にも関わらずハイリスクハイリターンの投資信託ばかり売れているのは買っている人達の多くが投資信託の中でもハイリスクハイリターンの商品を買っていることに気が付いていないからです。
本当に良い投資信託
では本当に買うべき投資信託はどのような商品なのか?
「これが一番良い!」
「この投信を購入すべきだ!」
というのはありませんが、検討する際は以下の4つを守るべきであると考えます。
- インデックス型で選ぶ
- 信託報酬(手数料)が安いものを選ぶ
- 分配金なし(再投資型)を選ぶ
- テーマ型(最新AI、ロハスなど)は除外する
この4つを守って選べば損失の出やすいダメな商品を避けることが出来ます。
具体的には以下の商品などがおすすめです。
野村 外国株式インデックスファンド
野村アセットマネジメントが運用するインデックスファンド。
ベンチマークとしているインデックスは多くの先進国インデックスで採用されているMSCIコクサイです。
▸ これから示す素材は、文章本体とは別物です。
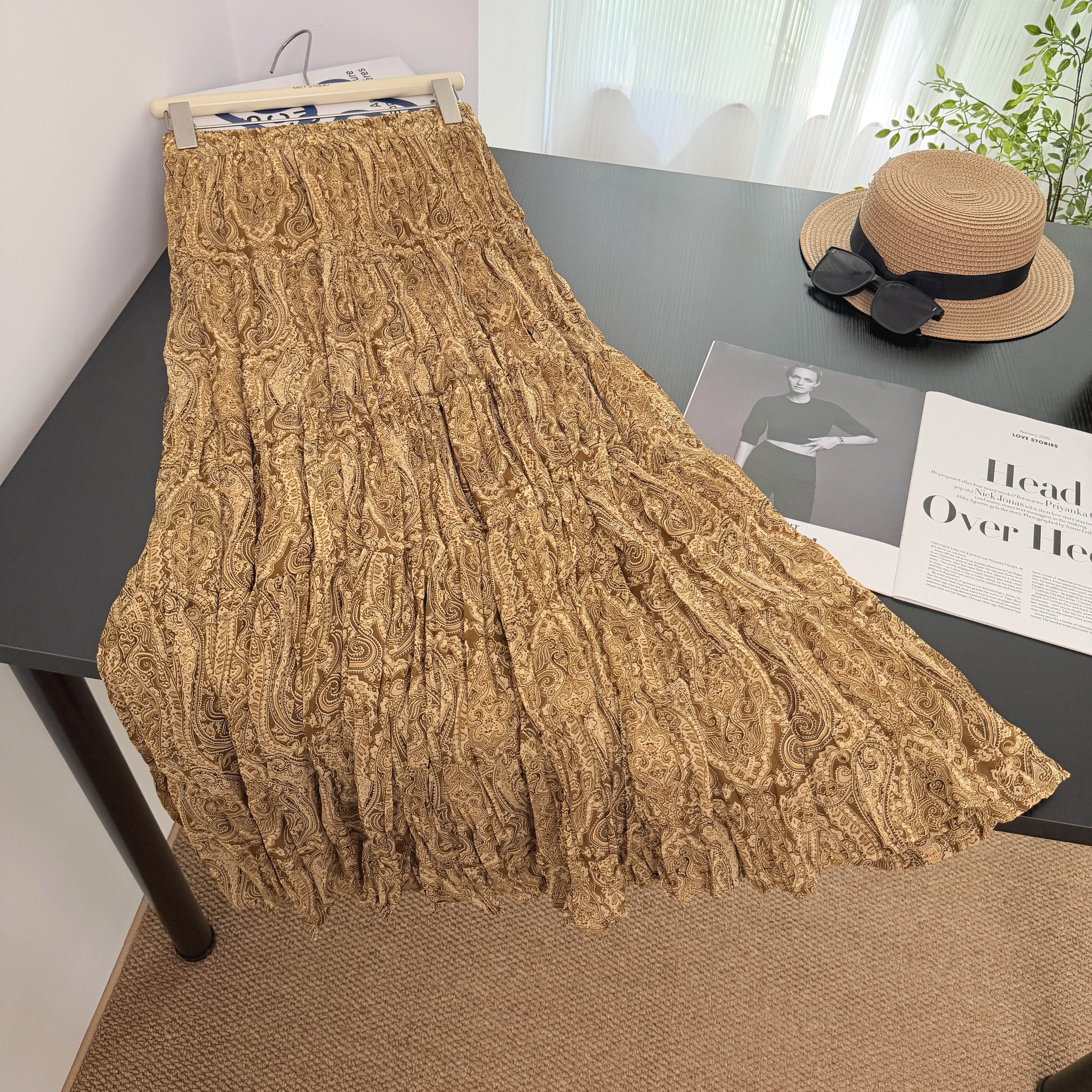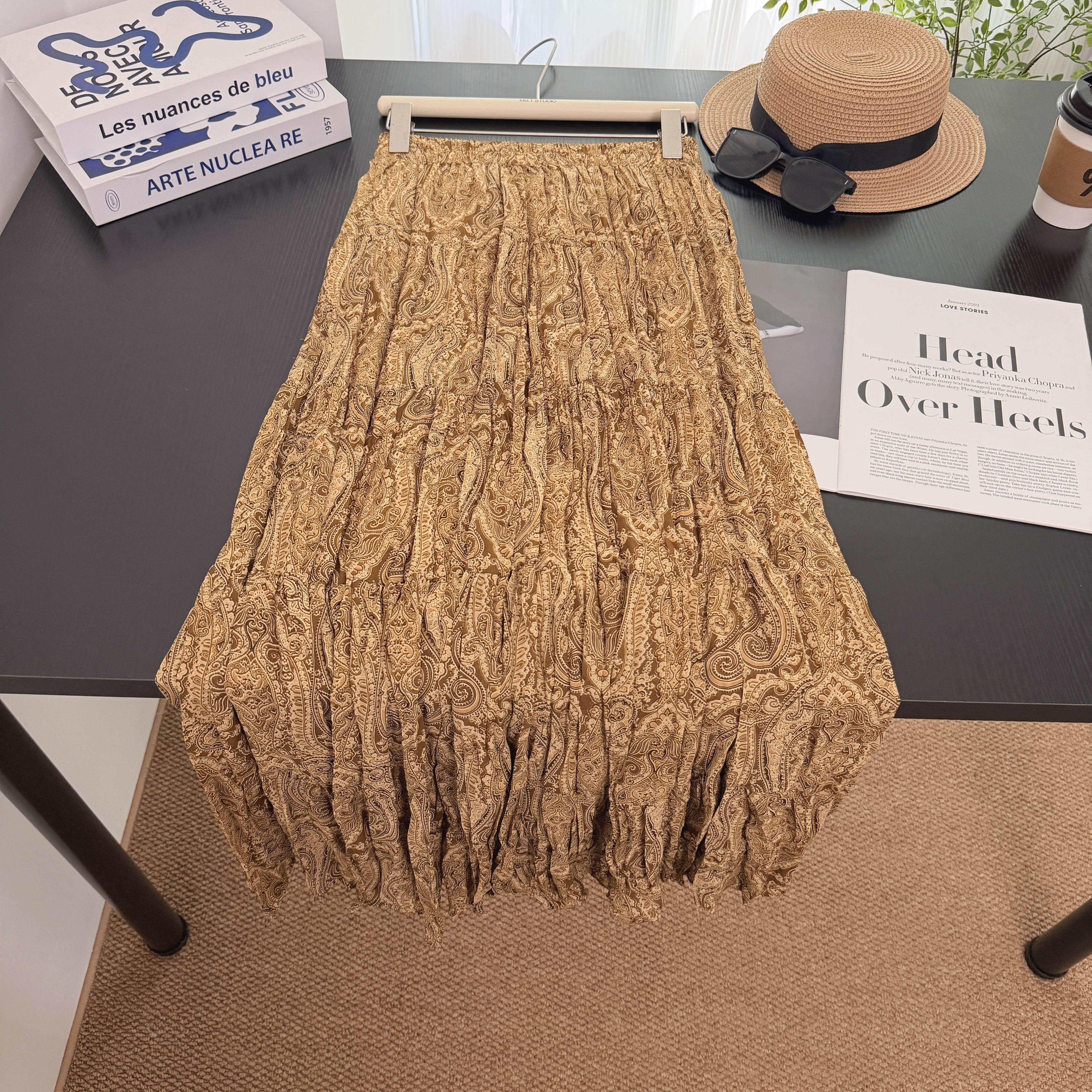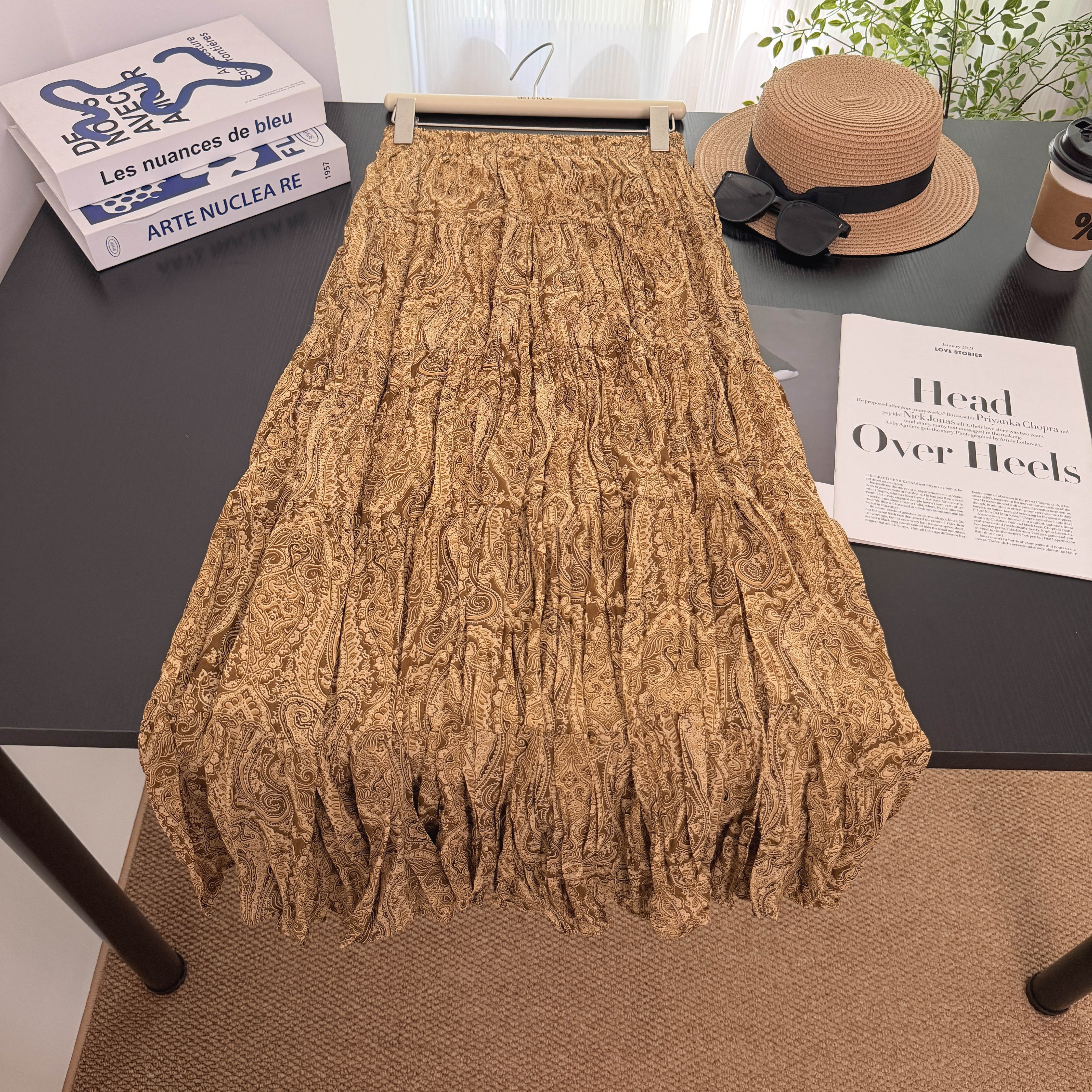 실사 보헤미안 바람 레트로 프린트 A라인 스커트 26 년 여름 새로운 프랑스식 디자인 센스 루즈핏 반신 스커트

※MSCIコクサイの詳細は初心者はインデックスファンドを購入するべきだと言われるのは何故かの「海外市場は成長している」項目をご一読ください。
野村 外国株式インデックスファンドは同ジャンルの中では運用期間が10年以上と比較的長く信頼出来る投資信託です。
リーマンショックの影響もあり、過去10年間リターン(年率)は6.99%とやや高く、5年の年率は12.55%、3年の年率は4.80%となっています。
10年前に100万円購入して保有している人は約169万、5年前に購入して保有している人は約160万円になっている計算です。
比較的安定的と言われる先進国でもやはり株価は荒れることも多いため、投資タイミングによって大きく変わってくる可能性もあります。
※下画像は「野村 外国株式インデックスファンド」がベンチマークとしているMSCIコクサイ(青線)の値動きのグラフ
「野村 外国株式インデックスファンド」の信託報酬は0.64%。最安値ではありませんがかなり安価な分類に入り、何より長期的に運用されているので最もおすすめ出来るファンドでると考えます。
SMT グローバル株式インデックス
三井住友トラスト・アセットマネジメントが運用するインデックスファンドです。
ベンチマークとしているインデックスはMSCIコクサイ(配当込み、円ベース)です。日本を除く先進国を対象としたインデックスはMSCIコクサイをベンチマークとしているものがほとんどです。
運用期間は約10年で過去5年間のリターン(年率)は12.27%、3年間は4.58%となっています。
「SMT グローバル株式インデックス」の信託報酬は0.54%と同カテゴリ内では最も安い分類に入ります。
同ジャンルで同じインデックスファンドを比較すると信託報酬の差がリターンの差となってくるのでやはり信託報酬が安いものに越したことはないでしょう。
外国株式インデックスe
三井住友トラスト・アセットマネジメントが運用するインデックスファンド。
ベンチマークとしているインデックスはMSCIコクサイ(円ベース)です。
上記「SMT グローバル株式インデックス」とかなり似たファンドとなっています。信託報酬も0.54%で同じ最低水準です。
リターンもほぼ似通っていますが5年間のリターン(年率)は12.29% 、3年間は4.57%とこちらの方が微妙に優秀です。誤差レベルですが。
これらの投資信託はネット証券会社で購入すれば手数料もほとんど掛かりません。
まとめ
投資信託を購入している人の大半は具体的に何に投資をしているのか、どれくらいのリスクがあるのか、毎月分配金をもらえることがどういうことなのか、基準価額が下がるということはどういうことか・・・
それらを何もわからず購入している人がほとんどです。でなければこのようなランキング結果にはならないはずです。
先述した通り日本では金融商品、資産運用に対する知識を持っている人が少ないため、売れ筋商品を買うと金融会社にカモにされてしまうケースがほとんどです。
例えば(金融会社の)債券投資によって払い戻しを行っている個人年金なんかも、自分で債券に投資した方がずっとリターンは大きいはずなんですが、同じリスクでとても利回りの悪い方(個人年金)を選ぶ人がたくさんいるわけです。
投資信託を買っている人、選んでいる人のほとんどがよくわからず購入しているわけですから売れている商品を買うのは非常に危険です。
ランキングを見て投資信託を選ぶのはやめましょう。